EXERCISE INSTRUCTIONS: Retype, with no pictures, each line from the one that holds "2月18日,游客在槟榔谷景区体验黎族传统婚俗。本报记者 武威 通讯员 潘达强 摄" through the last line of the entries below, both included.

DATA SHOWN:

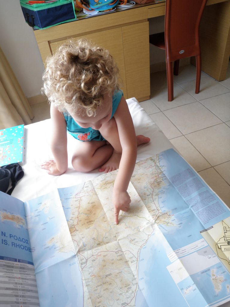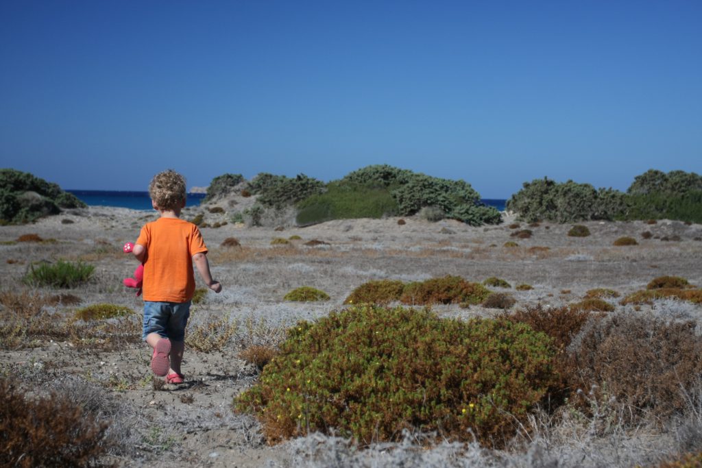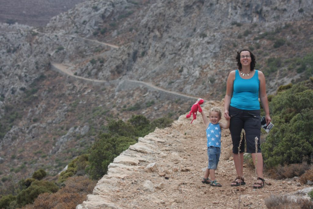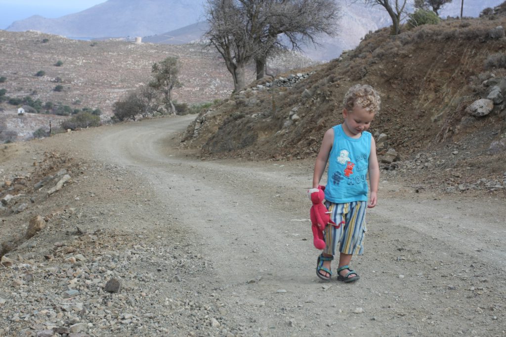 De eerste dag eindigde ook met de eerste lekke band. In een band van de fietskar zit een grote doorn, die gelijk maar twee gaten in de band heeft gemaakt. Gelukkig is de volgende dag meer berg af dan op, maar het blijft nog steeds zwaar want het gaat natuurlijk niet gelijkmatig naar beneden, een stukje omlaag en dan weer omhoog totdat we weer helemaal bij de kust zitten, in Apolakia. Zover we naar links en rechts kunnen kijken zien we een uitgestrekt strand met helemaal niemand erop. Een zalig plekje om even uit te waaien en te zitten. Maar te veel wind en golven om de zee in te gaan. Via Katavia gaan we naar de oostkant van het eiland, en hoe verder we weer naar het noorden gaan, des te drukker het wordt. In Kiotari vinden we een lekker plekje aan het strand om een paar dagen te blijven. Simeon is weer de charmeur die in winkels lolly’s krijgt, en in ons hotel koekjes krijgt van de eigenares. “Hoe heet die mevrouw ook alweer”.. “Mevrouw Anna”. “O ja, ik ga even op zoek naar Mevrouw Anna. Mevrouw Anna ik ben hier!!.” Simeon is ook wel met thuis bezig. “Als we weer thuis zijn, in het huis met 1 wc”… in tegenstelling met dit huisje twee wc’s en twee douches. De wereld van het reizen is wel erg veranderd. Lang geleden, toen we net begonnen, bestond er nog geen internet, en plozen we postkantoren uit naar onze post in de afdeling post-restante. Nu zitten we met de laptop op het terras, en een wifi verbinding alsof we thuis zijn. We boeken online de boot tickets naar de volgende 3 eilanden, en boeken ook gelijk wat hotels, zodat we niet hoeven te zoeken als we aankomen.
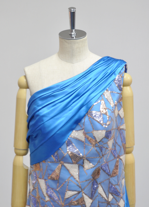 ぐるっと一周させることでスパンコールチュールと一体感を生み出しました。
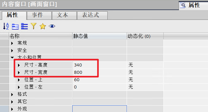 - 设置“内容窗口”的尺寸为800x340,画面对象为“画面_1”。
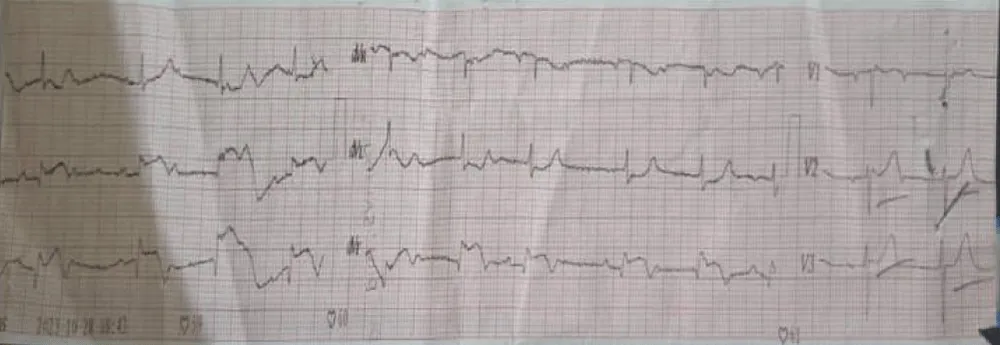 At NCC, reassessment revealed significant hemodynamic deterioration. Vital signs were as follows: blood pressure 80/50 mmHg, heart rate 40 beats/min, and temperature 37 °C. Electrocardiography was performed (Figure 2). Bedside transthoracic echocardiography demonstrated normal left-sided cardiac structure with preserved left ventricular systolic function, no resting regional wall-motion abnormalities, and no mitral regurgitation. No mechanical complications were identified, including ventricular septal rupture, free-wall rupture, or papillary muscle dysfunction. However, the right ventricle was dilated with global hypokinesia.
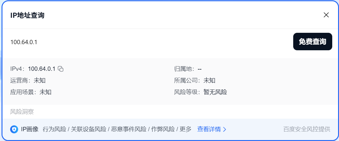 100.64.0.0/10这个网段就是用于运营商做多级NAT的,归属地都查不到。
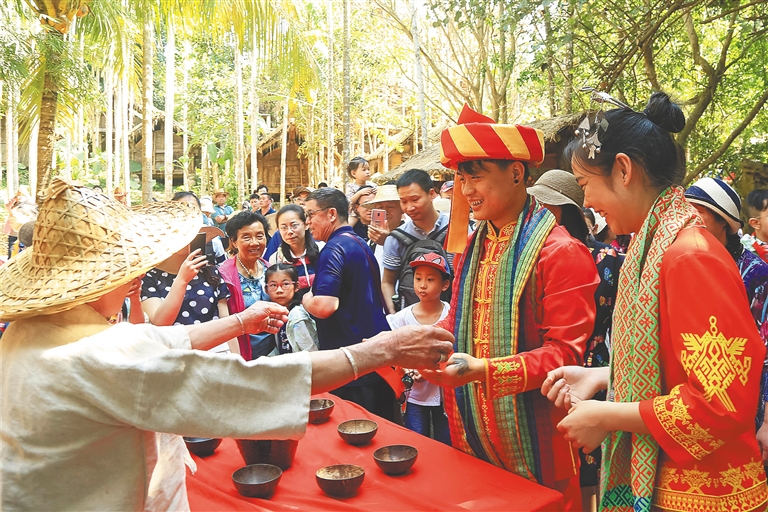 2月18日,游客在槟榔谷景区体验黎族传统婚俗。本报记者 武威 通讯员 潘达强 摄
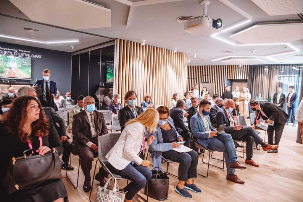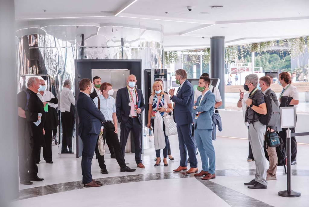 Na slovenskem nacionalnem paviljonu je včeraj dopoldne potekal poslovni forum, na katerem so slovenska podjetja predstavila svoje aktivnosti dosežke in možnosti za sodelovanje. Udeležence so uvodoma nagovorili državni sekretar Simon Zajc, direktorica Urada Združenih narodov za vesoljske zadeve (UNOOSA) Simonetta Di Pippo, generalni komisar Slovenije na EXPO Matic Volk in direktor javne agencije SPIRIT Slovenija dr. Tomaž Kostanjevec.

TASK RESPONSE:
 2月18日,游客在槟榔谷景区体验黎族传统婚俗。本报记者 武威 通讯员 潘达强 摄
 Na slovenskem nacionalnem paviljonu je včeraj dopoldne potekal poslovni forum, na katerem so slovenska podjetja predstavila svoje aktivnosti dosežke in možnosti za sodelovanje. Udeležence so uvodoma nagovorili državni sekretar Simon Zajc, direktorica Urada Združenih narodov za vesoljske zadeve (UNOOSA) Simonetta Di Pippo, generalni komisar Slovenije na EXPO Matic Volk in direktor javne agencije SPIRIT Slovenija dr. Tomaž Kostanjevec.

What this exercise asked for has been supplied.